_Your task_: A stretch of the entries below is to be set down exactly, running from the line with "ボルドー 日本製 レディース" through the line with "450 foreign note", both included, and no other line.
Information supplied Block Start
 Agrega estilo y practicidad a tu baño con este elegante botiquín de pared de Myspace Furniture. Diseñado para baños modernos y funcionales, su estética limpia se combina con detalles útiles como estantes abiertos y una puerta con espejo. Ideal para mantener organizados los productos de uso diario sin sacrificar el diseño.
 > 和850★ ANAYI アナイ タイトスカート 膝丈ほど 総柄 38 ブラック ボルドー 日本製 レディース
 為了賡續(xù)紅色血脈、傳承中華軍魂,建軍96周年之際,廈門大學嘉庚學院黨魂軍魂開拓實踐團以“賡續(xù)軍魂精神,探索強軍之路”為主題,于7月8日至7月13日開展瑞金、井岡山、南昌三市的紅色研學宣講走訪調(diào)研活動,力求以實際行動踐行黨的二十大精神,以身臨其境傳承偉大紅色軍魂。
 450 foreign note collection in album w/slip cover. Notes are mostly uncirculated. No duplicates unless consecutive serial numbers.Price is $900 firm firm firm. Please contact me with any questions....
Information supplied Block End
Information supplied Block Start
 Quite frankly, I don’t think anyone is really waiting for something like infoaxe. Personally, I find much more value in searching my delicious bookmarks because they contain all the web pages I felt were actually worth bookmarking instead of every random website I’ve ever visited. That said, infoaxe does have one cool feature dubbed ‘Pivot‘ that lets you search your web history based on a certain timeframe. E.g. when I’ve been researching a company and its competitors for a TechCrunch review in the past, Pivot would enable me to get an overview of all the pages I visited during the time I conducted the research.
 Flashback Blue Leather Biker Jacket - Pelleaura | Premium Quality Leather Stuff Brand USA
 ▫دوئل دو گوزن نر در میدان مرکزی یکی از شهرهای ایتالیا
Information supplied Block End
_Exercise response_:
 > 和850★ ANAYI アナイ タイトスカート 膝丈ほど 総柄 38 ブラック ボルドー 日本製 レディース
 為了賡續(xù)紅色血脈、傳承中華軍魂,建軍96周年之際,廈門大學嘉庚學院黨魂軍魂開拓實踐團以“賡續(xù)軍魂精神,探索強軍之路”為主題,于7月8日至7月13日開展瑞金、井岡山、南昌三市的紅色研學宣講走訪調(diào)研活動,力求以實際行動踐行黨的二十大精神,以身臨其境傳承偉大紅色軍魂。
 450 foreign note collection in album w/slip cover. Notes are mostly uncirculated. No duplicates unless consecutive serial numbers.Price is $900 firm firm firm. Please contact me with any questions....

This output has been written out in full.